DATASET EXCERPT |

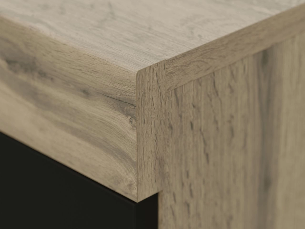 - mebel został zabezpieczony obrzeżem ABS, które nie tylko estetycznie wykańcza powierzchnię, ale też chroni ją przed uszkodzeniami, wilgocią i zwiększa bezpieczeństwo użytkowania
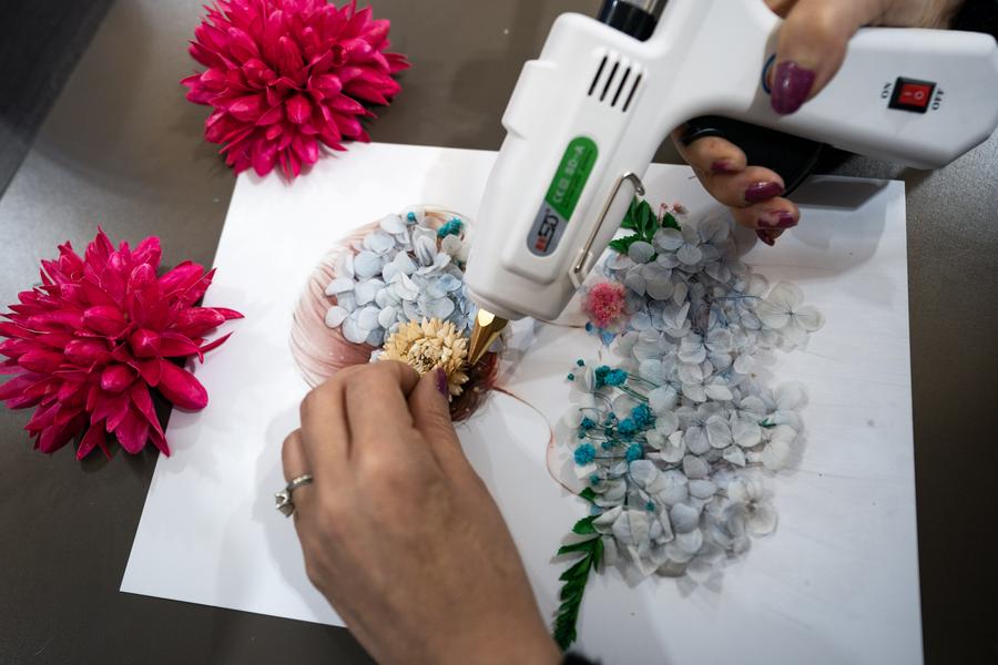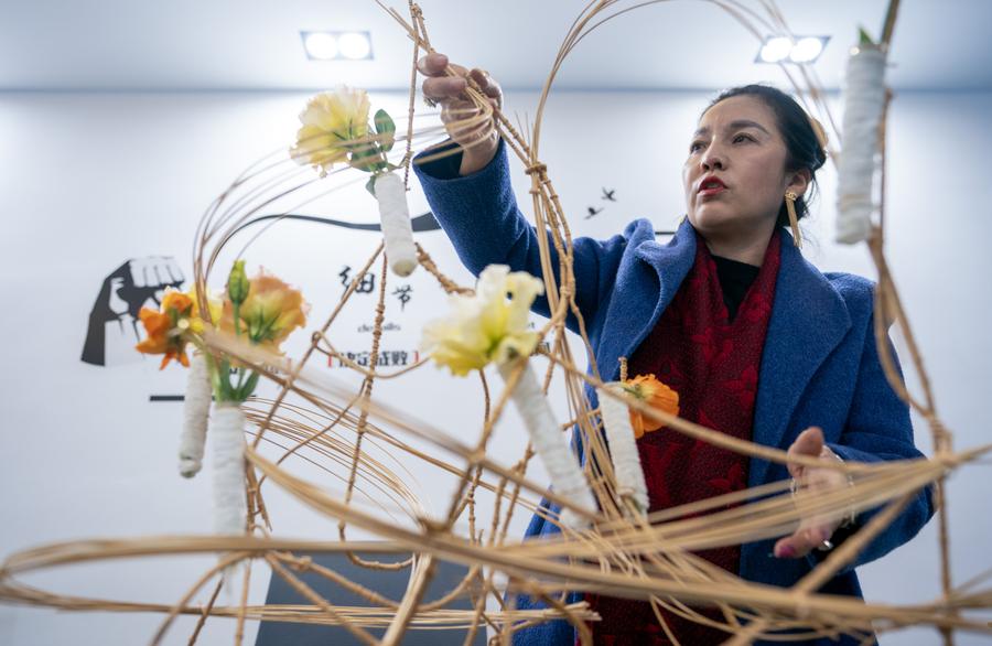 Yang Qiaoyan creates a floral work in Kunming, southwest China's Yunnan Province, Dec. 26, 2023. (Xinhua/Chen Xinbo)
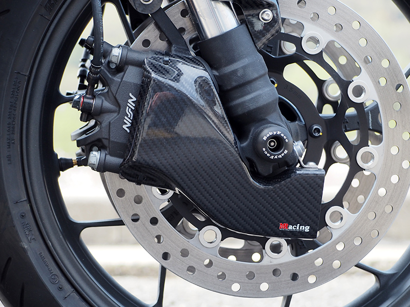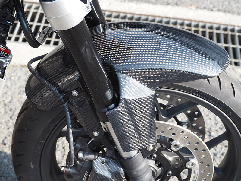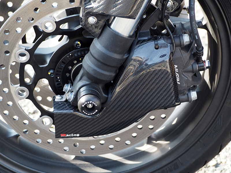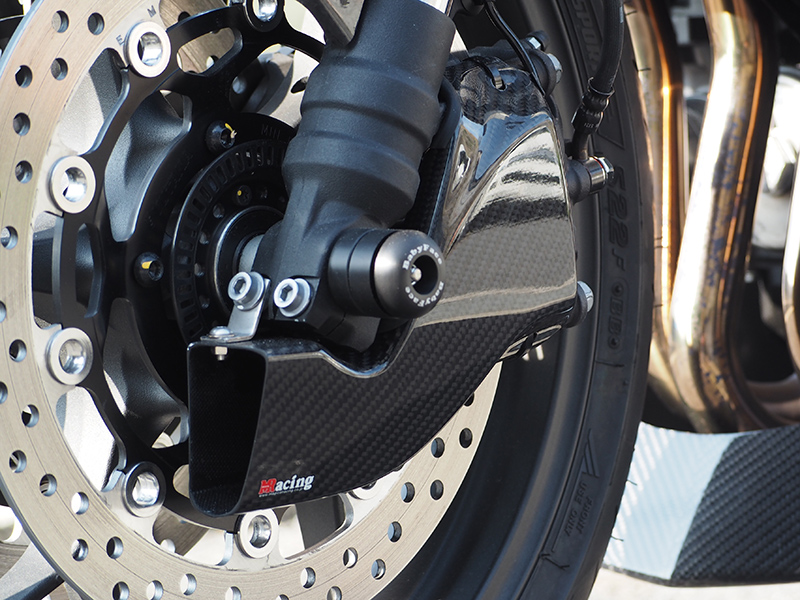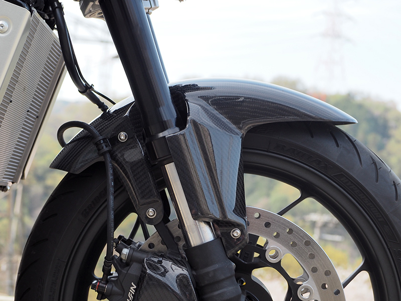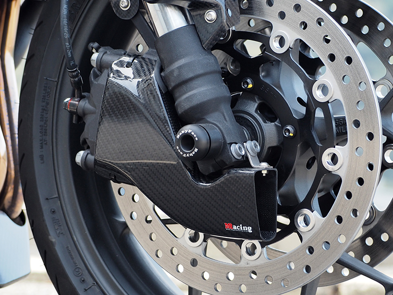 フォークガードを一体形状にすることにより、飛び石などからフロントフォークのインナーチューブを守ります。

WORK TO COMPLETE | Start to finish, write out the data above exactly, omitting all pictures.

ANSWER TO THIS EXERCISE |
 - mebel został zabezpieczony obrzeżem ABS, które nie tylko estetycznie wykańcza powierzchnię, ale też chroni ją przed uszkodzeniami, wilgocią i zwiększa bezpieczeństwo użytkowania
 Yang Qiaoyan creates a floral work in Kunming, southwest China's Yunnan Province, Dec. 26, 2023. (Xinhua/Chen Xinbo)
 フォークガードを一体形状にすることにより、飛び石などからフロントフォークのインナーチューブを守ります。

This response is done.